MARILOU-GAROU: Le texte du film est-t-il adapté à la scène, ou
conservé tel quel?
JACKIE CHONG: Selon mes souvenirs, le texte de la pièce est exactement
le même que celui du film, a une virgule près.
MARILOU-GAROU: La longueur du scénario se prête mal à la scène, du
moins dans une telle adaptation où la lenteur est travaillée avec précision.
J’imagine que, sur écran, la parole d’Alma peut sembler être l’expression
des pensées d’Elisabeth, alors que sur scène, elle devient si suffocante
qu’elle éclipse presque totalement les autres personnages.
JACKIE CHONG: En fait, au cinéma, le débit naturel de l’actrice empêche
cette lassitude. Le jeu des deux actrices sur l’écran se complète, équilibré
entre la parole et le geste. Le défi de hybris.théâtre consiste à tenter de
reproduire ce climat d’intimité créé par Bergman. Il se sert du médium
cinéma pour renforcer l’ambivalence entre Elisabeth et Alma. Avec les gros
plans fixes, il permet d’attarder le regard sur les détails et augmente l’effet
de proximité.

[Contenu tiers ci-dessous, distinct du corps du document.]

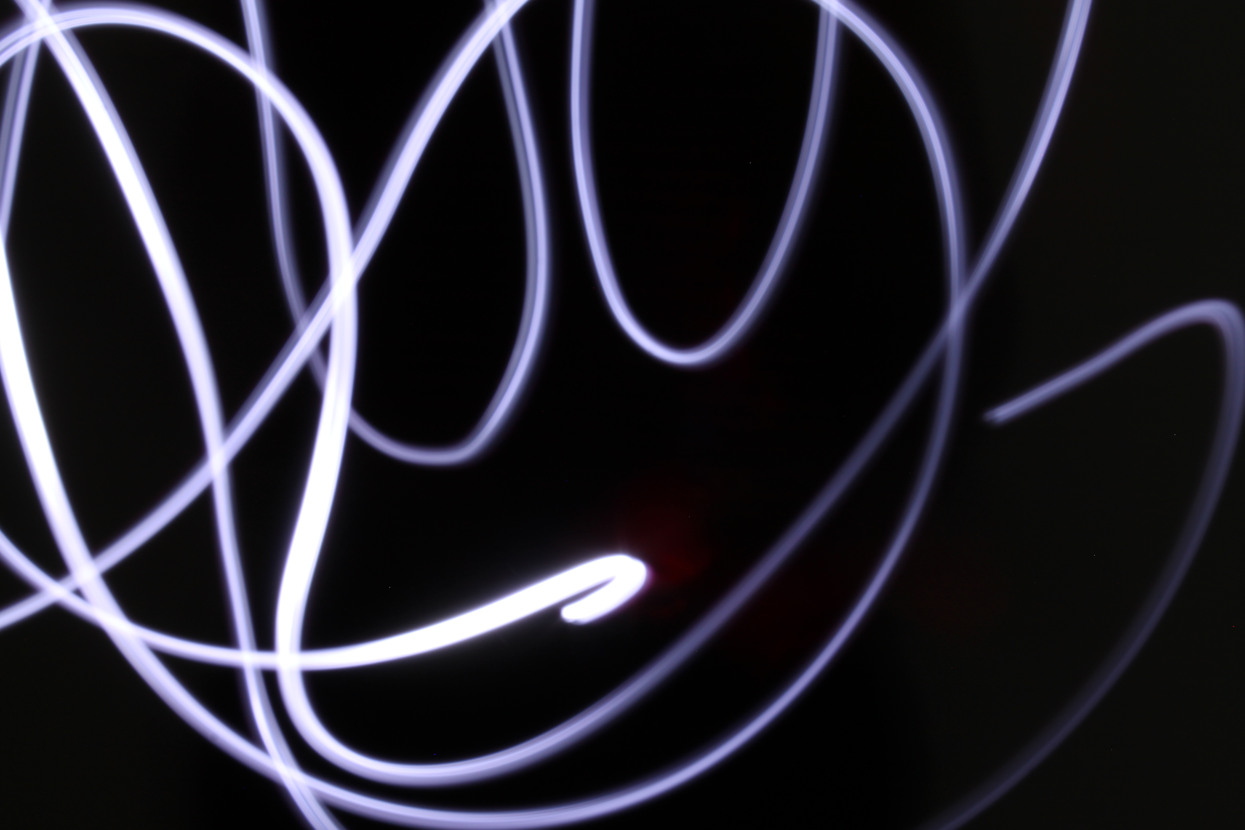 During our workshop: with white walls, low natural light; my camera settings were set-up with the aid of our T.A., Coleen. While my mind was on understanding the fluidity of light, I was very aware of my anxiety regarding the camera settings. We took over 40 spontaneous shots. The sharpest being when the light source was strong and pointed at the camera. It appeared that faster and more fluid movements gave us nice smooth lines. I couldn’t get my mind around how to actually draw with the light. This is a reflection on my need to understand technical things before finding any way to use them creatively. Because of time constraints, I let that go to have fun and see what happened.

Le réalisateur accentue même la ressemblance entre les deux
femmes grâce à certains effets cinématographiques qui les confondent.
MARILOU-GAROU:
Au
théâtre,
les
effets
cinématographiques
deviennent un exercice de style et la parole incessante d’Alma devient le
terrain d’expérimentations diverses: le débit est ralenti au maximum, les
acteurs sortent régulièrement du cadre de la scène pour reprendre leurs
cahiers et suivre le texte écrit, puis chavirent à chaque pas au moment de
retourner en scène, avant de s’asperger d’eau. Le système de codes
initialement présenté s’empêtre pourtant rapidement et la cohérence
s’effrite. Par exemple, on comprend de moins en moins le sens des «sorties
de scène» des acteurs et leurs retours au texte semblent de plus en plus
inexpliqués. Les acteurs pataugent longtemps, au sens propre comme
figuré, alors que la mise en scène tâtonne pour boucler les fils éparpillés et
construire une fin claire. On comprend la volonté de représenter le trouble
identitaire, mais le résultat est plutôt maladroit.
JACKIE CHONG: Il est certain qu’avec une proposition comme celle de
Philippe Dumaine, l’épuration du scénario aurait été à son avantage.Un peu
à l’allure des images du film en noir et blanc qui reste d’une apparente
simplicité avec son esthétique épurée, ses formes claires et ses plans nets.
MARILOU-GAROU: Cette épuration, elle se retrouve par contre dans
l’aspect visuel de la pièce. Avant même l’entrée en salle, le public traverse
une antichambre blanche et presque vide, mis à part quelques socles blancs.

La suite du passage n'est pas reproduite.